FDA is the sole Federal agency that approves drug products as safe and effective for intended indications. The Federal Food, Drug, and Cosmetic (FD&C) Act requires that new drugs be shown to be safe and effective for their intended use before being marketed in this country. FDA's drug approval process requires well-controlled clinical trials that provide the necessary scientific data upon which FDA makes its approval and labeling decisions. If a drug product is to be marketed, disciplined, systematic, scientifically conducted trials are the best means to obtain data to ensure that drug is safe and effective when used as indicated. Efforts that seek to bypass the FDA drug approval process would not serve the interests of public health because they might expose patients to unsafe and ineffective drug products. FDA has not approved smoked marijuana for any condition or disease indication.
A growing number of states have passed voter referenda (or legislative actions) making smoked marijuana available for a variety of medical conditions upon a doctor's recommendation. These measures are inconsistent with efforts to ensure that medications undergo the rigorous scientific scrutiny of the FDA approval process and are proven safe and effective under the standards of the FD&C Act. Accordingly, FDA, as the federal agency responsible for reviewing the safety and efficacy of drugs, DEA as the federal agency charged with enforcing the CSA, and the Office of National Drug Control Policy, as the federal coordinator of drug control policy, do not support the use of smoked marijuana for medical purposes.
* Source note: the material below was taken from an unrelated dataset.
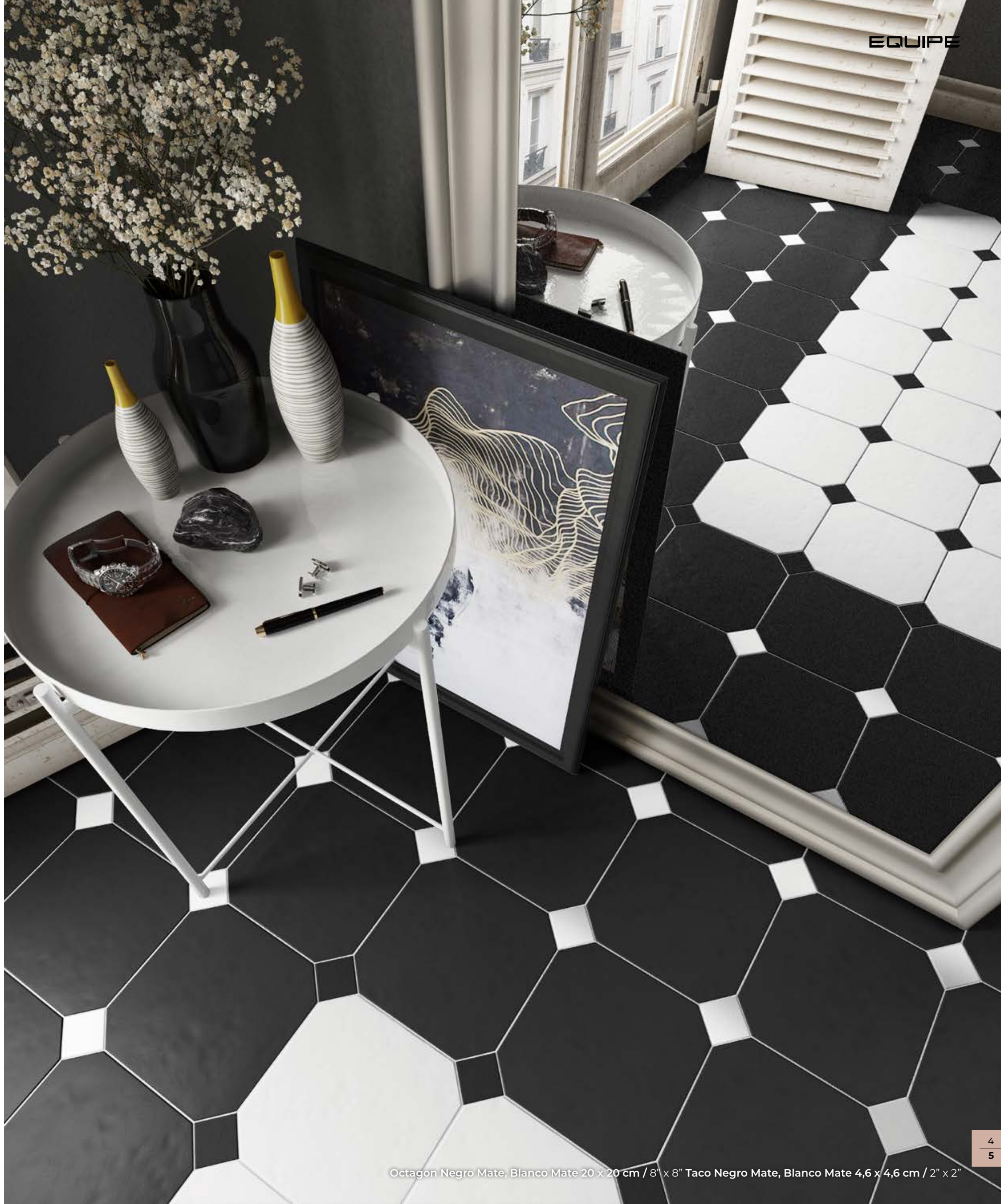
Octagon Negro Mate, Blanco Mate 20 x 20 cm / 8" x 8" Taco Negro Mate, Blanco Mate 4,6 x 4,6 cm / 2" x 2"

In states with marijuana dispensaries, the vast majority of users are not terminally ill. Confiscated patient records from San Diego note that only 2 percent of marijuana users reported having AIDS, glaucoma or cancer. Sources: Murphy, D. Officials say drug raids found clubs were a front. New York Times; June 24, 2005. Authorities raid eleven San Diego dispensaries. 10News.com; July 7, 2006.
Doctors are liable and not covered by insurance for recommending a non-FDA approved drug.
Patients’ rights are negatively impacted.